Referring to FIG. 2, the ion arc chamber 110 is a nearly closed chamber having a gas inlet port 112. Gases, such as BF3 or SiF4, can be fed directly to the arc chamber 110 from a gas source indicated at 111. Vaporizable metal sources, such as antimony, arsenic or phosphorus, can be vaporized in a hot oven and then passed into the arc chamber 110. The arc chamber 110 is also fitted with an exit aperture 114 through which the ion beam generated in the arc chamber 110 exits, is focussed and is accelerated to the desired target. A coiled filament 116 is situate at one end of the arc chamber 110. An enlarged view of the filament 116 is shown in FIG. 2A. An electron reflector 118, suitably made of molybdenum, tungsten or other suitable refractory material, and preferably of tungsten, surrounds the filament 116 and serves to reflect the electrons generated in the arc chamber 110 away from the filament end of the arc chamber 110. The reflectors 118 are at the same potential as the filament 116. There is a small gap between the reflector 118 and the arc chamber 110. Careful design of the reflector/arc chamber mount ensures that the gap between them is maintained so that the reflectors 118 do not contact the arc chamber 110 and liner 134, which would cause a short circuit. However, the clearance is kept small to avoid loss of processing gas from the arc chamber 110. A refractory electron reflector 120 is placed at the other end of the arc chamber; it too must not contact the arc chamber 110, for the same reason. For a Freeman source, the filament would pass through both ends of the chamber 110 and through both of the reflectors 118.

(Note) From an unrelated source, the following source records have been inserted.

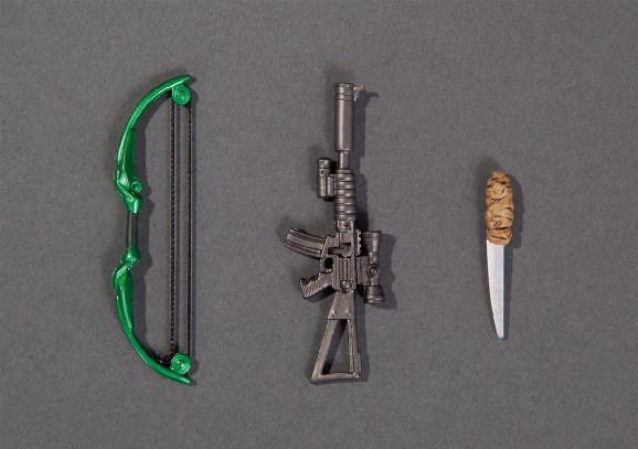 Sometimes even the greatest of heroes and evilest of villains need a helping hand. Some of the accessories you can expect to see will be knives for Solomon Grundy, a trident for Aquaman, Deathstroke will have a sniper rifle and Green Arrow will have his trusty bow.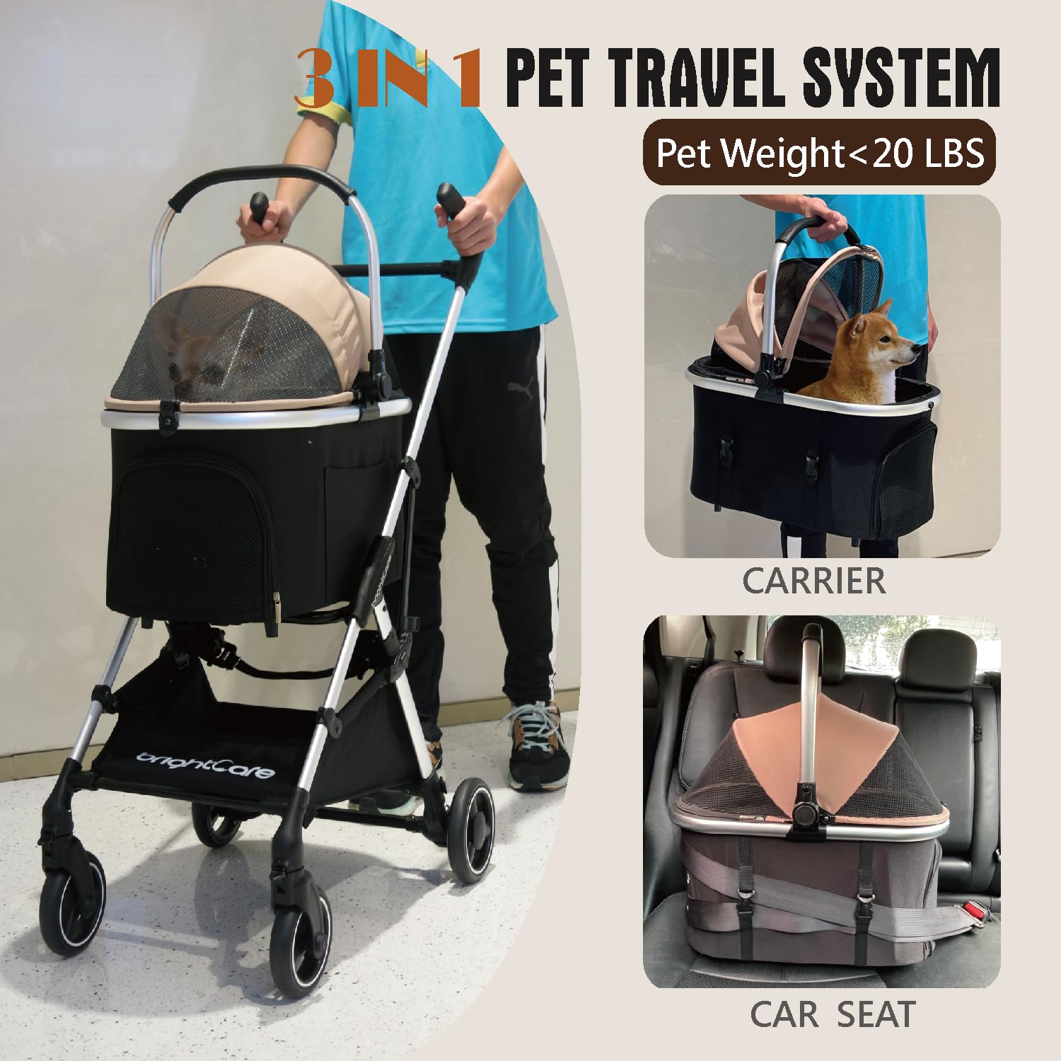 • 3-in-1 Versatile Design – Functions as a pet stroller, removable carrier, and converts to a car seat, perfect for daily use and travel.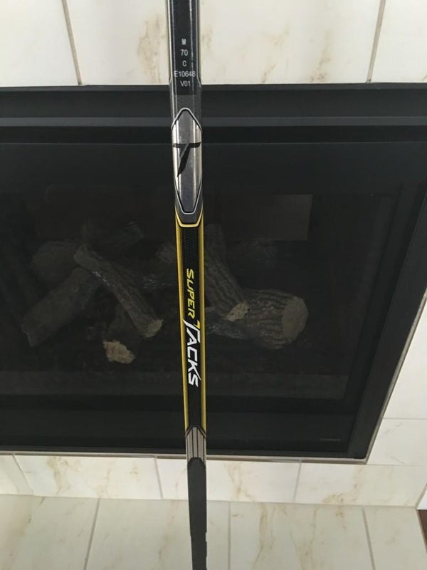 Super Tack CCM pro stock stick . Lefty . Sakic curve. Extended shaft . Sand paper blade. Extra grip. Round shaft. Never used or cut just partially spray painted above blade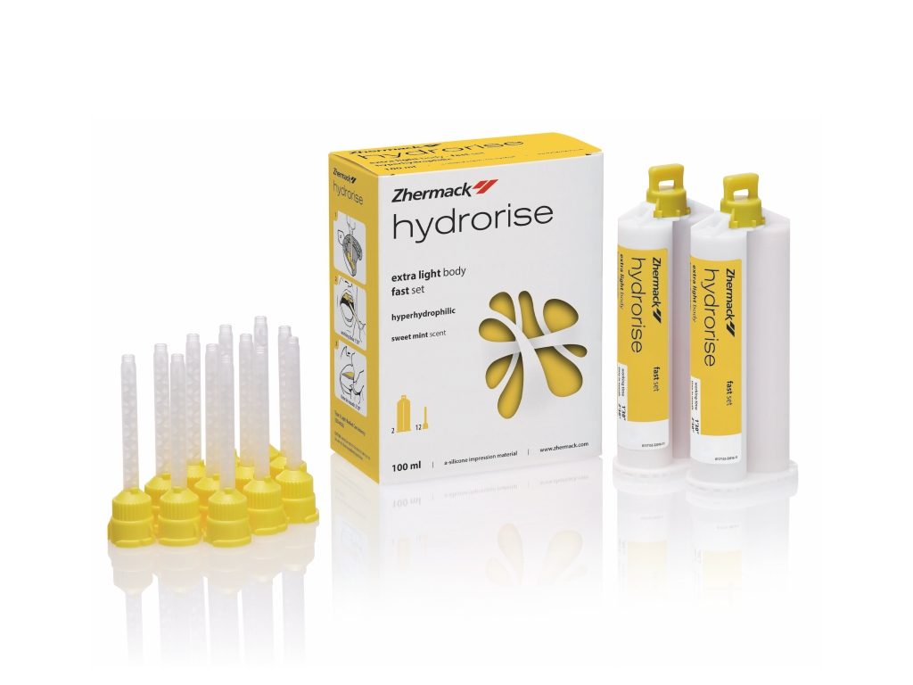 Zhermack Hydrorise Extra Light Body Sabit protezler için düşük viskoziteli Hyperhidrofilik A Silikon.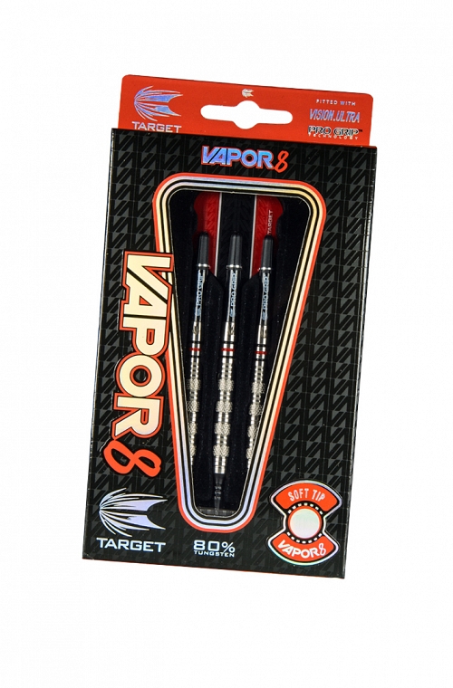 Dardos Target Vapor 8 01. Dardos 18 gramas, cilindros de 80% de tungstênio, voadores Vision Ultra e hastes Pro Grip.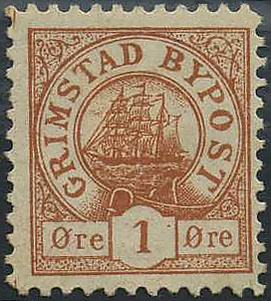 Местная почта в Гримстаде была основана Николаем Херлофсоном (Nicolai B. Herlofson) 15 января 1887 года. Серия из пяти марок местной почты, отпечатанные литографским способом на белой бумаге, с надписью «Grimstad Bypost» и изображением трёхмачтового судна в круге, вышли в день открытия почты. Марки гасились круглым штемпелем с надписью «Grimstad-Bypost» по окружности и восьмиконечной звездой внизу, а также переводной календарной датой и временем отправления в четыре строки в центре. Местная почта в Гримстаде закрылась в конце 1887 года.[12][13]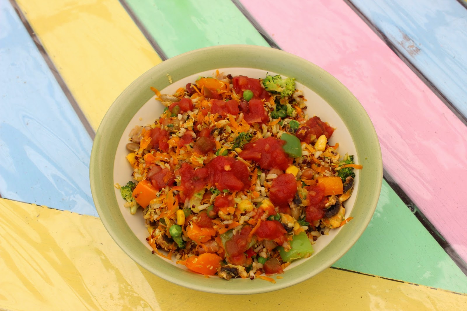 A delicious bowl of stir-fried veggies (grated carrot, grated brussels sprouts, broccoli, corn, peas, capsicum, mixed 4-beans, lentils, mushrooms) chucked in a fry pan with garlic and olive oil, with some pre-cooked rice and quinoa mixed in at the end:
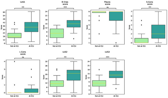 Boxplots of the distribution of all lung ultrasound scoring systems (LUS1; LUS2; LUS3; B-line score; Pleura score; Subpleural Consolidations (S-Cons) score; Lobar Consolidations (L-Cons) score; LUS score 2; LUS score 3)), according to ICU admission. Mann–Whitney Test: non-significant (ns): p > 0.05; ***: 0.0001 < p ≤ 0.001; ****: p ≤ 0.0001.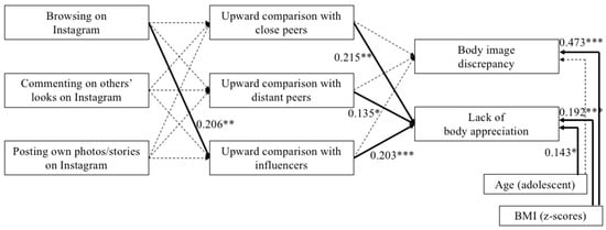 Bivariate correlations (Table 2) did not reveal any significant relationships between different types of Instagram use (i.e., browsing, commenting, posting) and body image discrepancy or lack of body appreciation. However, browsing on Instagram and commenting on others’ looks were significantly positively related to upward comparison with social media influencers. Upward social comparison was significantly positively associated among the three different comparison targets, the reverse-coded body appreciation scale, and to a lesser extent body image discrepancy, except for the relationship between upward comparison with distant peers and body image discrepancy, which was not significant. Given that being an adolescent and BMI z-scores showed significant relationships with body discrepancy and lack of body appreciation, both were added as covariates on the final outcome variables in the mediation model.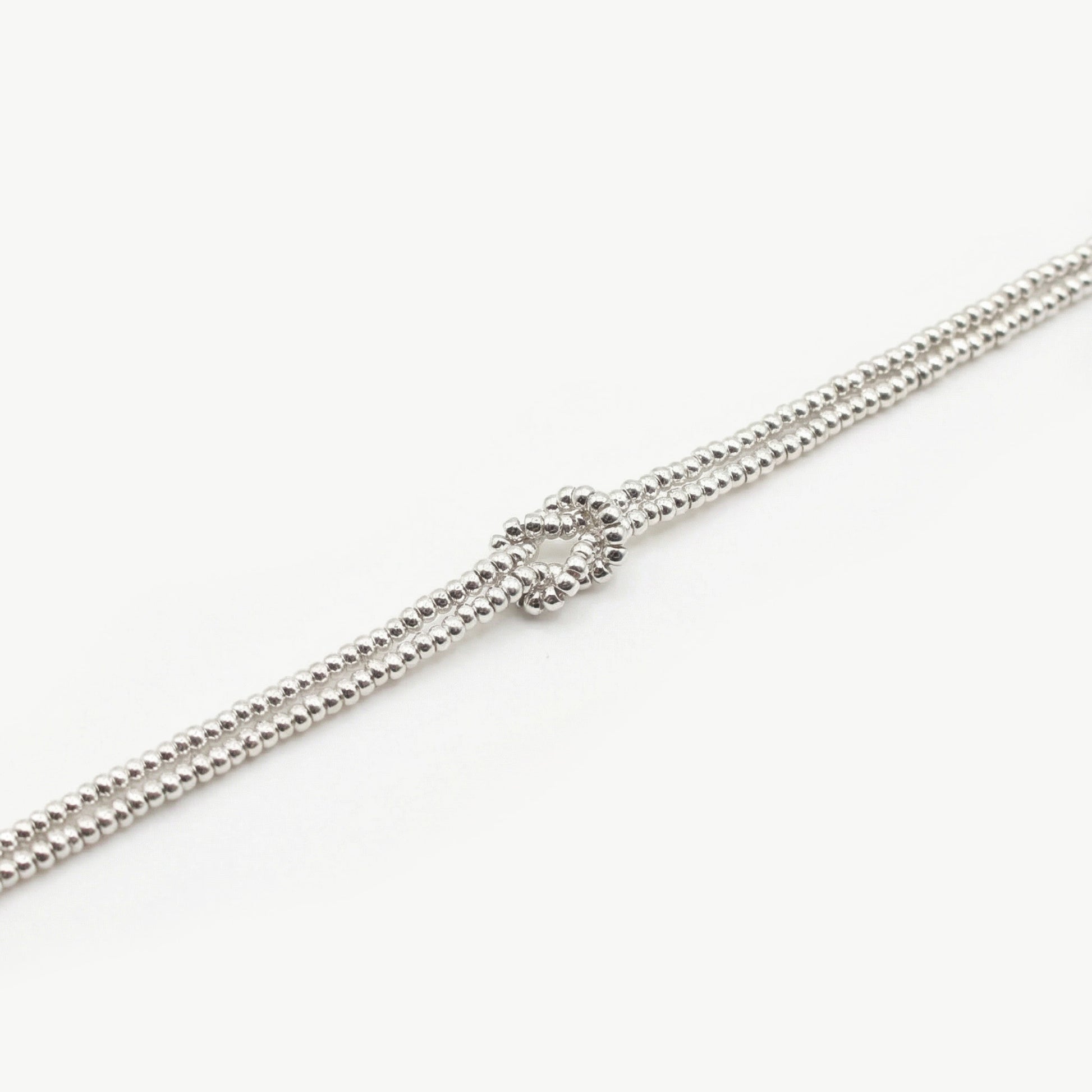 Questo bracciale nodo argento è realizzato a mano in Italia con perle in vetro di alta qualità. In taglia unica da 15 cm estendibili fino a 19 cm, con chiusura a gancio.

The filament 116 is mounted on the body 122 of the source by means of a clamp 124, which will be described in more detail hereinbelow.
Outside the arc chamber 110 and mounted below the clamp 124 is insulator 128. The insulator 128, now entirely outside of the arc chamber 110, supports the filament/reflector assembly and in turn is surrounded by a shield 130 that acts to prevent any gas molecules from the arc chamber 110 from reaching the insulators 128. The insulators 128 are recessed in a plate 132 on the body 122 of the ion source.
The insulators are made of a high temperature ceramic material such as boron nitride, or aluminum oxide and electrically insulate the filament within the arc chamber 110.
FIG. 3 is an enlarged, more detailed view of the insulator/shield assembly 128/130 of the invention wherein the same numerals are used for the same parts as for FIG. 2.
The insulators 128 can be further protected from gaseous species that are emitted from the arc chamber 110 by one or more shields 130 that form a labyrinth around the insulators 128. This labyrinth further protects the electrical insulators 128 because gaseous species must make several collisions with various walls of the labyrinth prior to being able to reach the insulators 128. The more surfaces there are around the insulators 128, the more likely that any gaseous species from the arc chamber 110 will coalesce and condense before reaching the insulators 128. The shield 130 can be made of a metal such as stainless steel.
A further method of protecting the electrical insulators 128 is an inert gas bleed flowing over the insulators 128, again to prevent gaseous ion species from reaching the insulators 128. An inert gas cloud around the insulators 128 acts as a further barrier to prevent diffusion of any gaseous ions towards the insulators 128.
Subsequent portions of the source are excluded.